Small drop: the change in global reinsurer capital between 2014 and the third quarter of 2015 shows a 2 per cent decline to $565 billion. This fall has been attributed to unrealised investment losses and adverse foreign exchange movement

Global reinsurance capital has fallen back from its $575 billion peak, recorded in 2014, and is now estimated to be 2 per cent lower at $565 billion.

The reason for the $10 billion drop is unrealised investment losses, together with adverse foreign exchange movement, according to the latest report from Aon Benfield.

During the past 12 months alternative capital has continued to grow, albeit at the slowest rate since 2010, and hit $69 billion.

That was only an 8 per cent rise, but Aon Benfield maintains its prediction that alternative capital will jump to between $120 billion and $150 billion by 2018.

“Over-capitalisation” is often cited as one of the reasons for the soft reinsurance market.

The figures in the “Reinsurance Market Outlook” report are based on data up to and including the third quarter of last year.

The reinsurance intermediary and capital advisory firm has a positive outlook for reinsurance buyers at April 1 renewals. “Insurers are likely to find improvements in pricing terms and conditions that are similar to what we achieved for clients at January 1,” the company stated in its report.

During last year there were discernible trends within the alternative capital space, with sidecar capacity increasing the most, up 30 per cent, and a smaller increase in insurance loss warranties. There was a small decrease in catastrophe bond capital.

Growth opportunities seen in 2015 included more insurance and reinsurance transactions focused on US residential mortgage default risk and the increase in demand for cyber risk insurance coverage.

There was also a growing privatisation of public risk, as shown by Florida Citizens Property Insurance Corporation having now placed $3.9 billion of risk transfer into the private market, compared to $575 million in 2011. Last year, the Florida Hurricane Catastrophe Fund secured reinsurance capacity from the private market for the first time.

Aon Benfield expects to see more non-insurance corporate sponsors in the catastrophe bond market.
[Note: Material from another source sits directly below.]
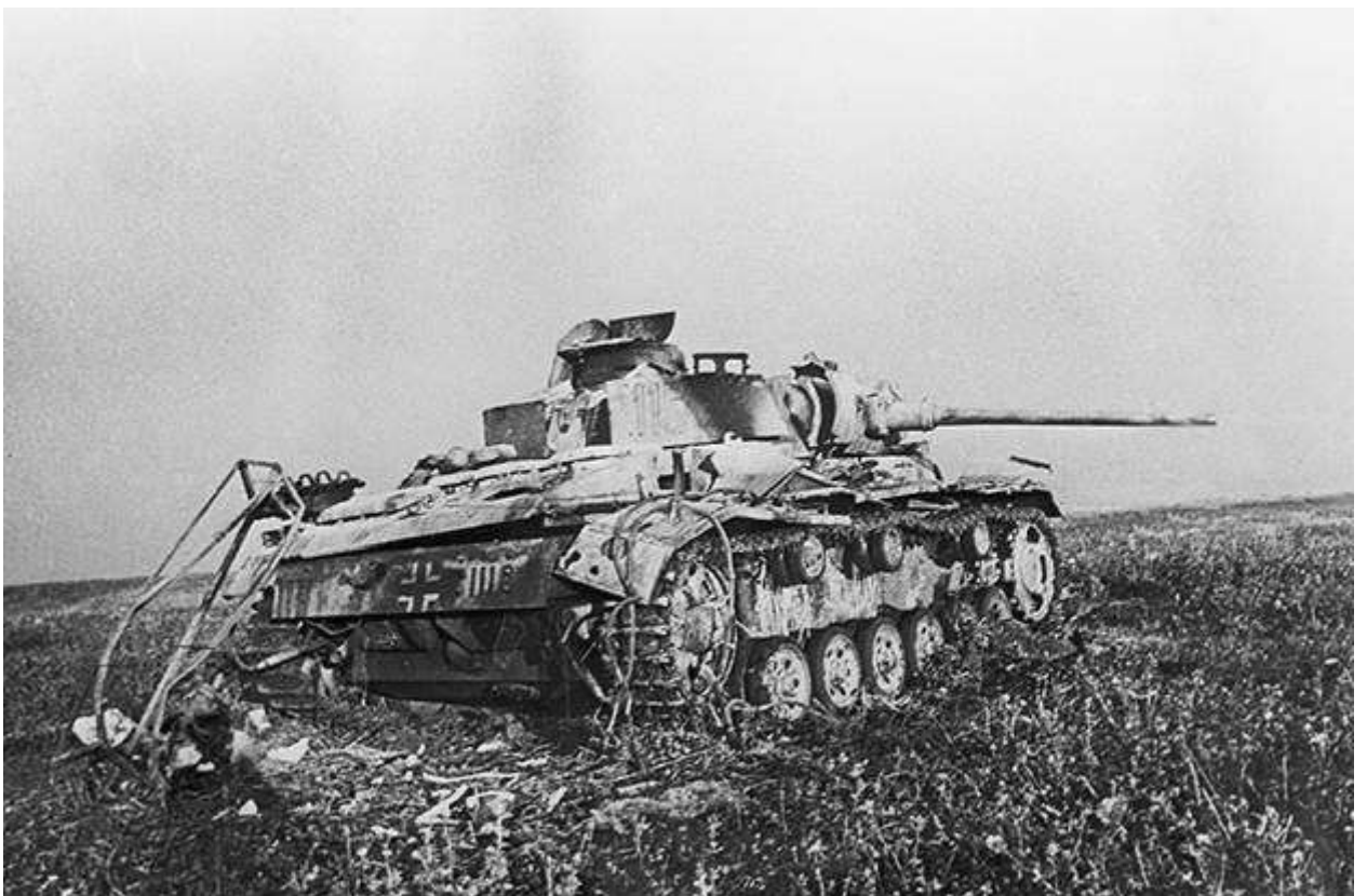
Подбитый фашистский танк в районе станции Прохоровка в ходе сражения на Курской дуге в 1943 году.

Продвинувшиеся в полосу Воронежского фронта, примерно на 35 немецкие войска армии «Юг» под командованием Эриха фон Манштейна так и не смогли прорвать советскую оборону, и перешедшие в контрнаступление

US railroad company Amtrak was an example of this during 2015.

Every major region of the world sustained below average annual insured losses last year, and for a second consecutive year there were no major catastrophes that registered insured losses above $5 billion. The costliest insured event for the US was a February winter storm that resulted in $2.1 billion of insured losses, making it “the lowest ‘most expensive’ annual individual insured loss event sine 2000”, the report noted.

Insured global catastrophe losses were at their lowest level since 2009, with a tentative figure of $32 billion, compared to the 10-year average of $61 billion. The US continues its record-setting streak of consecutive hurricane seasons without a major hurricane landfall. The last major hurricane to strike the US was Wilma in October 2005.

Global flood losses were identified as a major growth opportunity due to the low insured-to-economic loss ratio.

Looking ahead, Aon Benfield said leading reinsurers had invested heavily in skills and processes to allow more of clients’ risks to be managed in the reinsurance market.

“These commitments will need to continue and broaden beyond the early movers to allow us to continue to meet growing demand in six areas.”

Those areas are US mortgage credit risk; life and annuity risk; government risk depopulation and risk transfer; regulatory and rating agency capital model adoptions and enhancements; tactical reinsurance transactions; and cyber and corporate giga-liability risk programmes.

“Differentiators for reinsurers going forward are increasingly apparent. Underwriting expertise, breadth and depth of coverage, and responsible servicing translate to strong broker and client relationships,” Aon Benfield stated.

The company further noted that many reinsurers “have put even further focus on client intimacy, enhanced risk analytics, broader product and distribution capabilities, and capital market relationships while at the same time simplifying and streamlining their businesses wherever possible to maximise operating efficiencies”.